◆ DATA BLOCK
┏━━

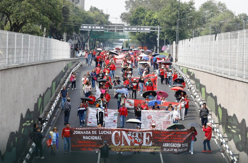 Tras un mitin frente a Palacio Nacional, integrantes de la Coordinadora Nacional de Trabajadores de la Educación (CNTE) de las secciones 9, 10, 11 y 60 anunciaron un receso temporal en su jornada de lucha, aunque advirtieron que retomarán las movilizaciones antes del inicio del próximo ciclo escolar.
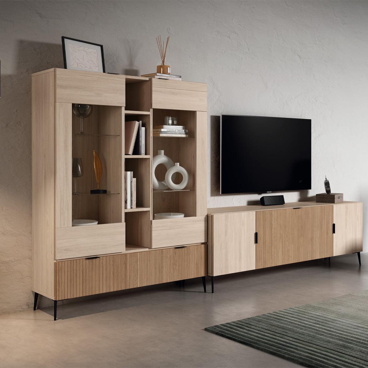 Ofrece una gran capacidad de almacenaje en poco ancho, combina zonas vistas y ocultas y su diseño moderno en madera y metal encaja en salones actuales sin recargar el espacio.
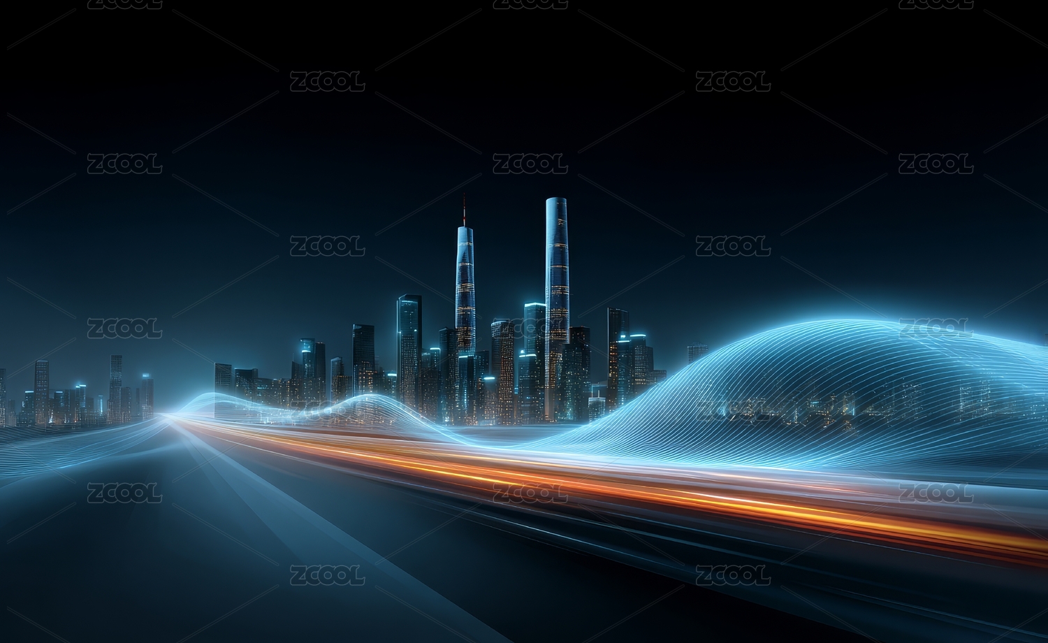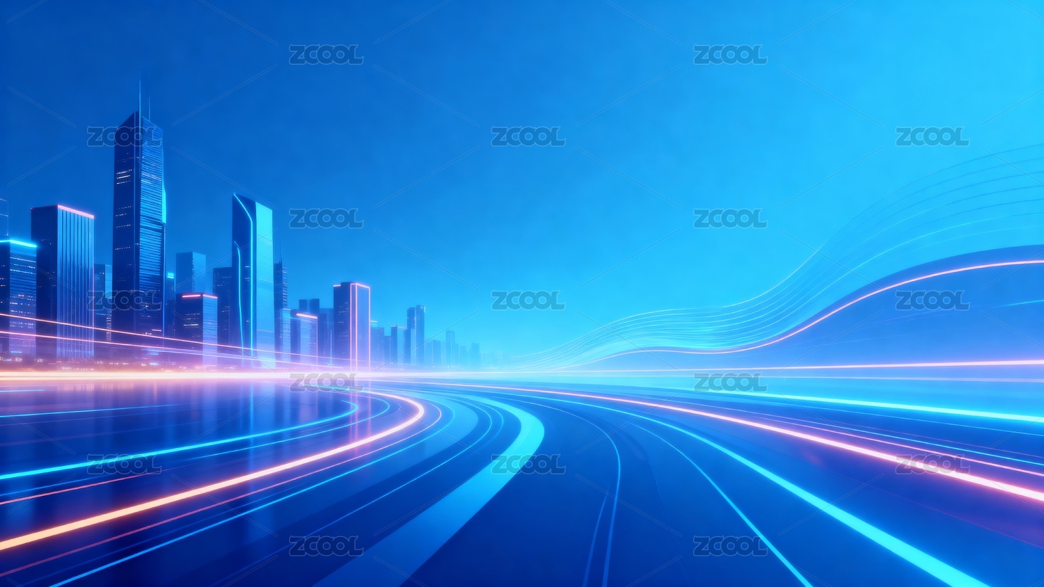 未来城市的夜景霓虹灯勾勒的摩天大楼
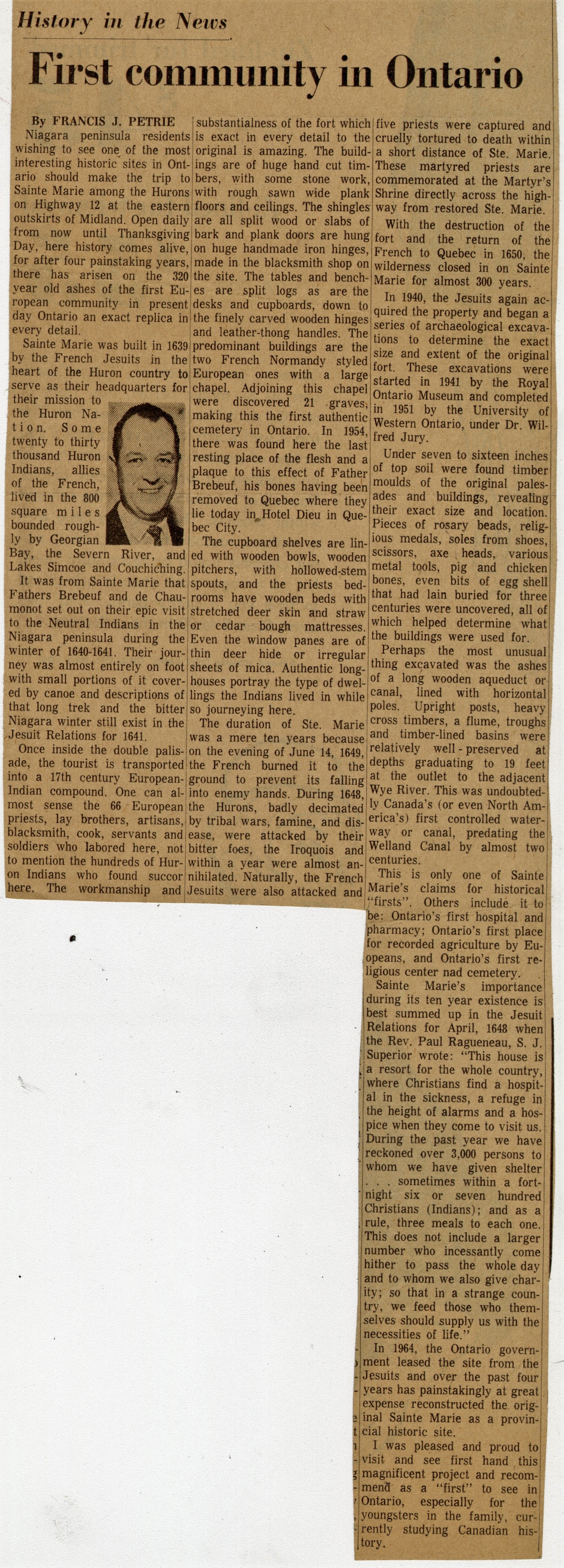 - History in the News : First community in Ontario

┗━━

◆ GOAL OF THE EXERCISE
Copy the listing character for character, pictures omitted.

◆ RESPONSE BOX
 Tras un mitin frente a Palacio Nacional, integrantes de la Coordinadora Nacional de Trabajadores de la Educación (CNTE) de las secciones 9, 10, 11 y 60 anunciaron un receso temporal en su jornada de lucha, aunque advirtieron que retomarán las movilizaciones antes del inicio del próximo ciclo escolar.
 Ofrece una gran capacidad de almacenaje en poco ancho, combina zonas vistas y ocultas y su diseño moderno en madera y metal encaja en salones actuales sin recargar el espacio.
 未来城市的夜景霓虹灯勾勒的摩天大楼
 - History in the News : First community in Ontario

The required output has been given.